A mill consists of a steel shell supported at each end by a hollow trunnion running in a bearing, lined with steel plates, and driven by belt and gears or by motor and gears. The mill is set at a slight slope and is fed with finely crushed ore and water through one trunnion. When ground fine enough by the load of balls, the pulp is discharged through the other trunnion and run where desired for further treatment. In some plants a ball-mill or rod-mill will reduce the ore to, say, 100 mesh and a tube-mill will finish the grinding to 200 mesh or finer. In other plants a ball- mill or a tube-mill will do all the grinding, but it must be fed with fine ore—say, 1/8 to ¼ inch—to do this properly. Grinding coarse ore in a ball-mill is done by steel balls of three sizes (5, 4, and 3 inches); fine ore is ground in a tube-mill by 2- and 1½-inch balls or by flint pebbles or by hard, rounded mine rock such as quartzite. These grinding media wear to small sizes, and new ones must be added regularly to make up the weight. When a mill is in closed circuit with a classifier, it will handle a circulating load of several times the amount of the original feed.
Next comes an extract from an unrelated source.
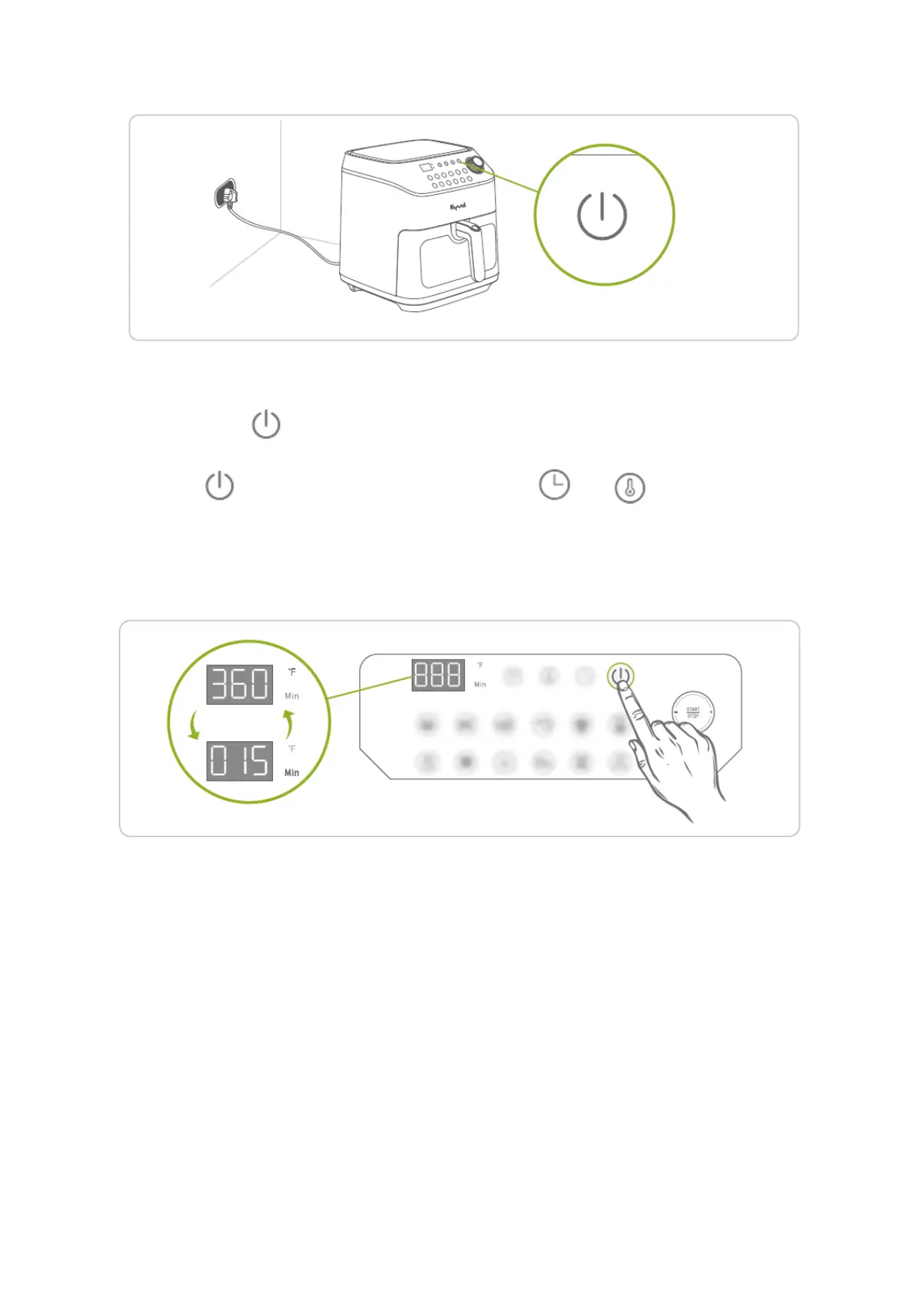 • The LED Display will show 182 °C and 15 Min alternately every 3 seconds.

The correct operation of a mill with proper load of balls and pulp or ore feed is determined by sound or by power meter. Normally, the sound is a rumble, whereas from a more or less empty mill there is a rattle. The speed of mills depends upon their diameter; a ball-mill of 3 feet revolves 35 times a minute, and one of 5 or 6 feet, 29 or 27 times. Tube-mills run at a revolution or two faster (see Fig. 117).
Some ores require much finer grinding than others to liberate the minerals, and this increases the milling cost.
Ball Mill Product Classifying
One passage of ore through a mill is seldom enough grinding to release gold and silver or other minerals from the gangue that encloses them; therefore, a classifier is worth installing to separate the sand from the slime and return the former for further grinding or for their separate treatment. Classification may be done in cones or in drag, rake, screen-wheel, spiral-within cylinder, and spiral-in-trough classifiers.
When a classifier is operated to separate the sand for further grinding, it is arranged in closed-circuit with a mill, which means that the coarse pulp is circulated and ground until it passes out of the classifier as slime. The classifier controls the size of the finished material. But when a classifier is arranged in open- circuit with a mill, the sand and slime are separated and flow, without further grinding, to their respective treatment. Unless such products are desired, open-circuit grinding is inefficient.
If unclassified pulp is sent to shaking tables or to flotation machines or other equipment, they do less effective work, which means losses; therefore, pulp should be separated into at least two grades—sand and slime—before being fed to any machine. Even collecting tanks in cyanide plants should receive sand pulp and slime pulp if two products are to be treated, although in some plants the whole pulp is run into one collector and the slime over-flows to its own tank, leaving the sand sometimes more or less slimy in the collector where it is now and then treated or discharged and filled into a treatment vat.
Rake and Drag Classifiers
The Dorr is the example of the rake, and the Esperanza of a drag. The former consists of a shallow rectangular tank in which are reciprocating rakes. There are several designs of the Dorr machine. The slime overflows at the lower end, and the sand at the upper end. In the drag type are scrapers affixed to an endless metal belt. The products of this type are sand and slime. These machines have large capacity or circulating loads and can be adapted to washing ores and sands of not too large a size (see Fig. 117 for a mill and classifier in closed circuit).
Spiral Classifiers
The Akins, Hardinge, and Western Machinery are examples of the spiral. The first two consist of a spiral rotating in an open steel trough or box set on a slope, the spiral working the sand to the upper end and the slime overflowing at the lower end. Spirals of 8 to 12 inches diameter are available for small plants. The 12-inch size is good for 12 tons a day. A 24-inch spiral will handle 35 tons. These machines have large capacity or circulating loads and may be used for washing ores and sands of not too large a size. The third make of classifier consists of a spiral within a sloping and rotating drum. The feed enters by pipe about mid-way up the drum and is separated into sand and slime like the other machines. The last classifier ranges in size
from 12 to 48 inches. Wash water is fed in at the top end. The flow of water and fines is countercurrent to the movement of the sand (see Fig. 118).
Classifier Ball Mill
There is also on the market a rib-cone screening ball-mill whose “classifier,” as it may be termed, is part of the mill. Capacities for prospectors are 2 to 4 and 4 to 8 tons through 35 mesh in 24 hours, requiring 1½ to 3 horsepower. The screen is as the discharge end of the mill. Washed oversize is returned to the inside by the action of the mill, and the fine material passes out to be treated.